This is a recipe that I found a while back on pinterest (can’t find the original now…) that I loved and adapted from being done on the grill to in the oven because we have a teeny tiny grill… They are a big hit here and pair great with tons of stuff all summer long! You will discover over the next few months that I love love all of my Cast Iron Skillets! I need to get a post together for y’all on why to use Cast Iron!
1 1/2 pound potatoes (equal sized)
1 grated garlic clove or 1/4 to 1/2 tsp garlic powder
chicken or vegetable broth
tiny cubes butter
pepper and salt
Optional: lime or lemon juice
- Get your oven going at 350Fº.
- Use a Cast Iron Skillet. Place the peeled and washed (even-sized) potatoes in there and make sure they fit snuggly together.
- Add the grated garlic or powder to the broth and heat it for a minute to get the flavors going.
- Pour hot broth in there until there’s about 1 inch of broth in the dish and sprinkle a little salt and pepper on top of the potatoes.

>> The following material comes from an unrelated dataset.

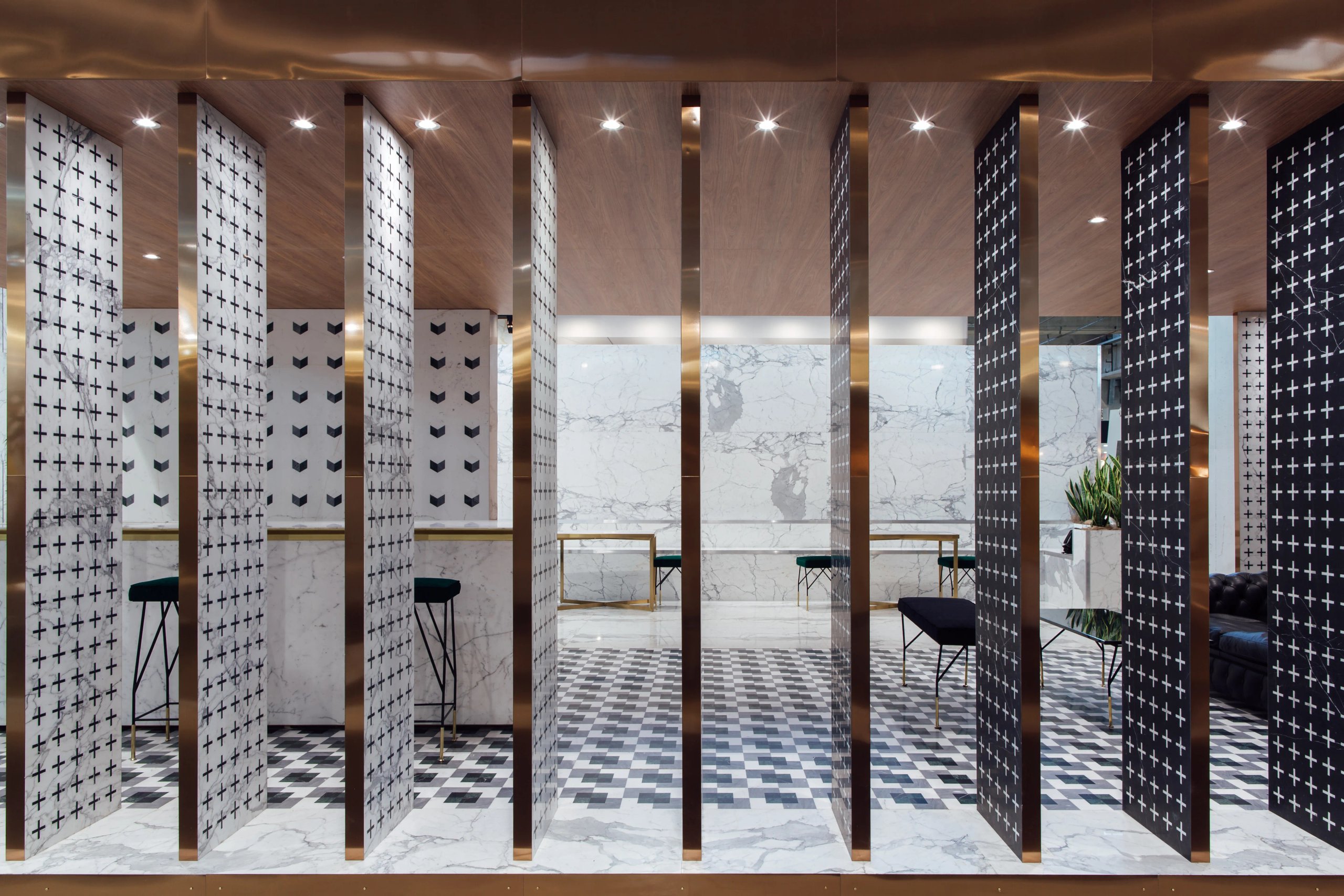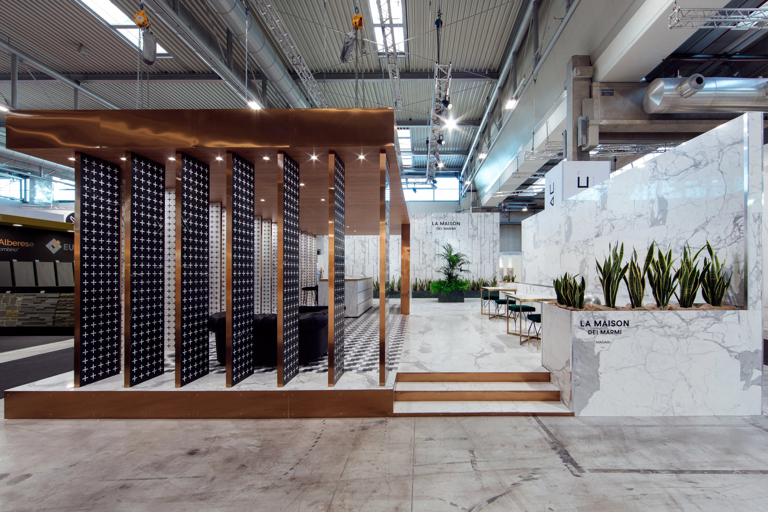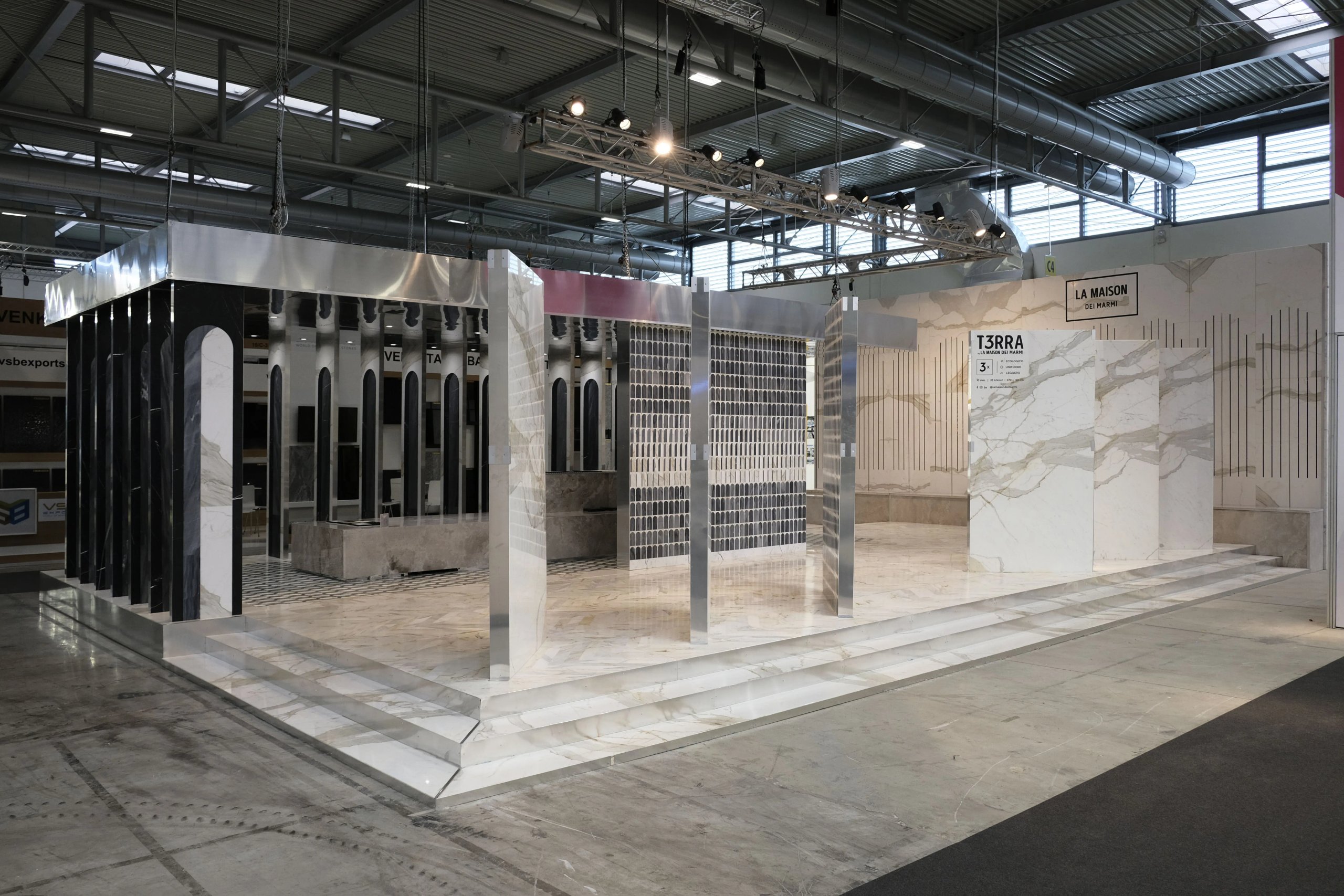 La struttura è stata riutilizzata e riadatta in due edizioni del Marmomacc, cambiando e ripensando di volta in volta i pattern e i motivi geometrici intagliati nelle lastre marmoree, appositamente disegnati dallo studio.

- Place a tiny slice of butter on top of each potato. As the potatoes start to cook the butter will melt all over, it’s delicious. Not diet-friendly, but very tasty.
- oven and give them 35 to 40 minutes. Check them for readiness. (I gave mine almost 10 minutes extra. Mainly because I really like a crunchy brown bottom-layer.)
- Sprinkle the potatoes with finely minced parsley and if you really want to up the flavors: squeeze some lime or lemon juice on top. It’s crazy good.